**TRY IT:** Of the lines listed below, return exactly those that run from the line containing "A carefully composed" through the line containing "McKesson posted second", both included.

**DATA UNDER STUDY:**
- - - -

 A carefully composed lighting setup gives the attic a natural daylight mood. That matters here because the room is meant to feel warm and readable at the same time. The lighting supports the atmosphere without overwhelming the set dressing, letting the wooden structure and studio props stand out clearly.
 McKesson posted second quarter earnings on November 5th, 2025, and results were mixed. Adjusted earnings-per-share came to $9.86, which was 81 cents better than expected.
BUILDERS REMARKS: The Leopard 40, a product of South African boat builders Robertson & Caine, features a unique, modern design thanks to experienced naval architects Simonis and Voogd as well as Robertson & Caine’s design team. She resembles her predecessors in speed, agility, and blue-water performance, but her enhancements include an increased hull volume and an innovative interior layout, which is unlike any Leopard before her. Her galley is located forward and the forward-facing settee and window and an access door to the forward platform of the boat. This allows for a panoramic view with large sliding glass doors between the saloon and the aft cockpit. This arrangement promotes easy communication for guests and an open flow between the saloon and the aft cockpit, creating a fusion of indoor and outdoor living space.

- - - -

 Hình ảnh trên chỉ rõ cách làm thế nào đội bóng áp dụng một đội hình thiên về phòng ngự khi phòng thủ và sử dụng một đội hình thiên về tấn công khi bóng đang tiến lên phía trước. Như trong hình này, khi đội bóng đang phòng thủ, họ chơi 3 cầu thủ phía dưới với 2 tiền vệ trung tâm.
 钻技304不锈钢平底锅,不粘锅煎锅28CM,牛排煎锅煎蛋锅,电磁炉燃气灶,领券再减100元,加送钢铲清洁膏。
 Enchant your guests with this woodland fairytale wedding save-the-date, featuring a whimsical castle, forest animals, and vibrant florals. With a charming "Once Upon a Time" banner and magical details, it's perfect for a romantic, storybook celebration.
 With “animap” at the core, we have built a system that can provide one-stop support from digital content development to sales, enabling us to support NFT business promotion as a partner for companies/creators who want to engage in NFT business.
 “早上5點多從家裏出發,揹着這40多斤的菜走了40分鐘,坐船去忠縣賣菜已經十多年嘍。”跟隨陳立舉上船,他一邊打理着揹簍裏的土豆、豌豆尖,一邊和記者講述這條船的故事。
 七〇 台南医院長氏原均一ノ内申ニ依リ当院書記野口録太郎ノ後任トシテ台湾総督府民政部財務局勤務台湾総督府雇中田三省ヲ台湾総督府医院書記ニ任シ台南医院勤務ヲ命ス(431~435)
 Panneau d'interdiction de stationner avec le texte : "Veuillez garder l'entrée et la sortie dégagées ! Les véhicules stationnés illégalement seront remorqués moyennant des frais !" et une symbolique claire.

- - - -

**REPLY:**
 A carefully composed lighting setup gives the attic a natural daylight mood. That matters here because the room is meant to feel warm and readable at the same time. The lighting supports the atmosphere without overwhelming the set dressing, letting the wooden structure and studio props stand out clearly.
 McKesson posted second quarter earnings on November 5th, 2025, and results were mixed. Adjusted earnings-per-share came to $9.86, which was 81 cents better than expected.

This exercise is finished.